Let $L:K$ be a finite field extension. Let $E$ be a subfield of $L$ including $K$, and let the maps $\Gamma$ and $\Phi$ be defined as follows:
$$\Gamma(E) =\{\varphi \in \text{Aut }L : \varphi(z)=z \text{ for all } z \in E\}\\\Phi(H) = \{x \in L : \varphi(x)=x \text{ for all } \varphi \in H \}$$
Now my understanding is that the following relations hold for all finite extensions $L:K$, not just when $L:K$ is normal and separable:
$$H\subseteq\Gamma(\Phi(H))\\H_1\subseteq H_2 \implies \Phi(H_1)\supseteq\Phi(H_2)$$
Where $H_1$ and $H_2$ are subgroups of $\text{Gal}(L:K)$. This immediately implies
$$\Phi(H)\supseteq\Phi(\Gamma(\Phi(H)))$$
It is also true that the relation $E\subseteq\Phi(\Gamma(E))$ holds even when $L:K$ is not normal or separable. Therefore if we substitute $E$ for $\Phi(H)$ this gives
$$\Phi(H)\subseteq\Phi(\Gamma(\Phi(H)))$$
Combining the two results above gives $\Phi(H)=\Phi\Gamma\Phi(H)$. Now my understanding is that the relation $[L:\Phi(H)]=\lvert H \rvert$ also holds for all finite extensions - again, not just normal separable extensions.
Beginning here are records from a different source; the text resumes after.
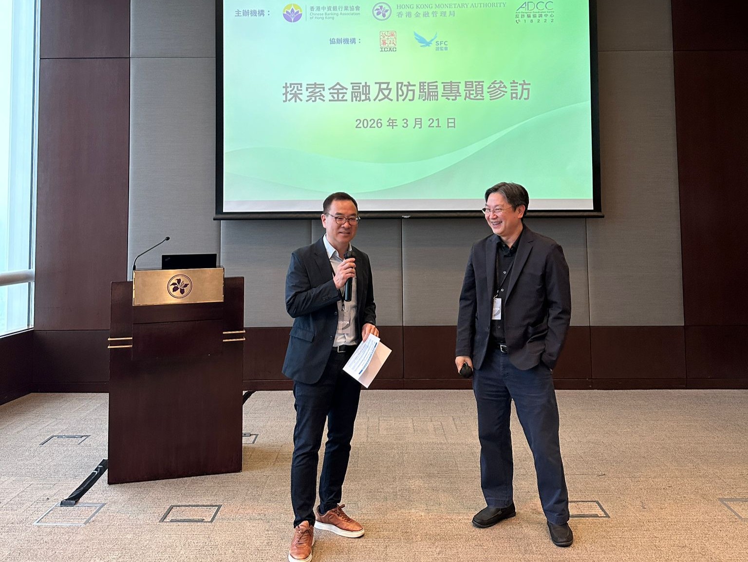 2026年3月21日上午,协会与香港金融管理局(“金管局”)、香港警务处反诈骗协调中心(ADCC)联合主办,香港廉政公署(ICAC)、香港证券及期货事务监察委员会(“证监会”)协办的金融探索及防骗专题参访活动,于金管局举行,投资者及理财教育委员会(“投委会”)代表及近30名香港城市大学学生参加。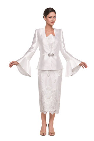 Serafina 4302 3 piece Silky Twill Skirt Suit Colors: Off White Sizes: 10, 12, 14, 16, 18, 20, 22, 24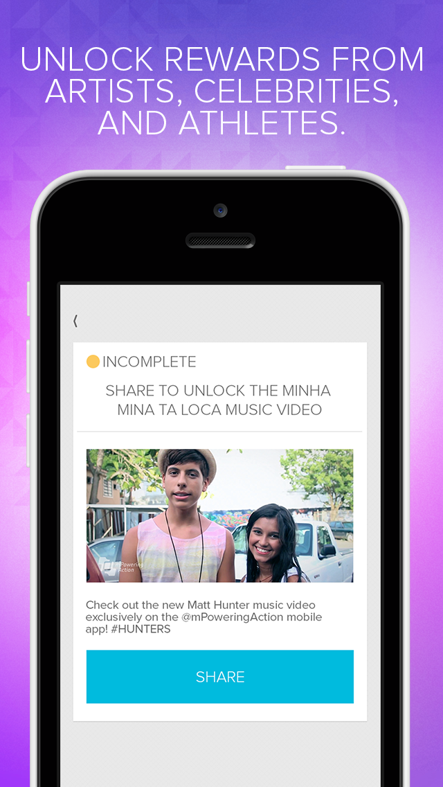 The app also gave youth an easy way to learn and connect with new Organizations and Social Causes. Exclusive content from Artists and Celebrities around the world were given as a reward and thank you for taking action towards a cause.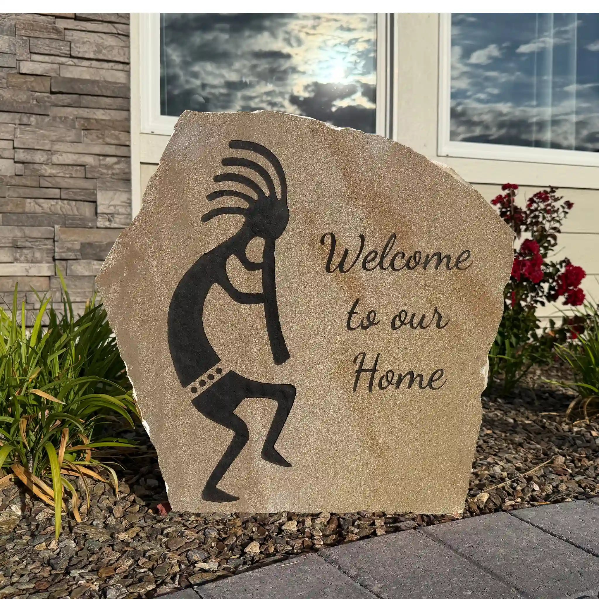 Each Kokopelli Welcome Stone is a one-of-a-kind celebration — hand-shaped, engraved, and finished to bring the vibrant spirit of the Southwest to your home.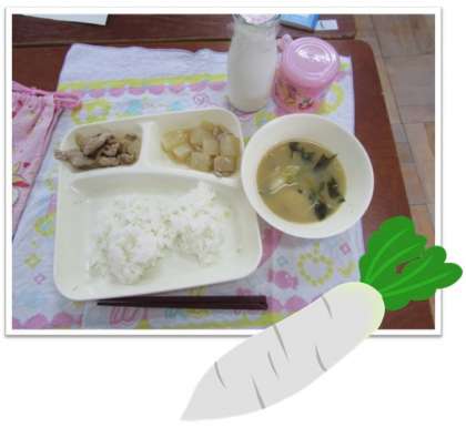 大根は、汁物や煮物、和え物などに使われます。12月の給食では、『さばのみぞれかけ』『冬野菜のカレーライス』などに使われています。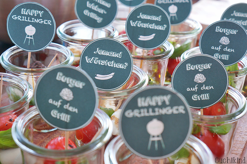 Die Dateien fügt ihr am besten in Word ein, druckt sie aus und schneidet die Kreise aus. Dann klebt ihr Zahnstocher mit Tesafilm dahinter. Die Weck-Gläschen der Gastgeber sind übrigens mit Tomate-Mozzarella-Kügelchen in Pesto gefüllt. Das sieht süß aus und ist total lecker.

Therefore we have
$$\lvert H\rvert=[L:\Phi(H)]=[L:\Phi\Gamma\Phi(H)]=\lvert \Gamma\Phi(H)\rvert$$
Combining this with the result that $H\subseteq\Gamma\Phi(H)$ gives
$$H=\Gamma\Phi(H)$$
$\textbf{Question:}$ none of the above required $L:K$ to be Galois, so the result would appear to be true for all finite extensions. Is this actually the case? And if so, why could we not run a similar argument to show that $E=\Phi\Gamma(E)$ for all finite extensions - which is clearly not the case (since, for example, when considering the non-normal extension $[\mathbb{Q}(\sqrt[3]{2}):\mathbb{Q}]$ we have $\Phi(\Gamma(\mathbb{Q}))=\mathbb{Q}(\sqrt[3]{2})$).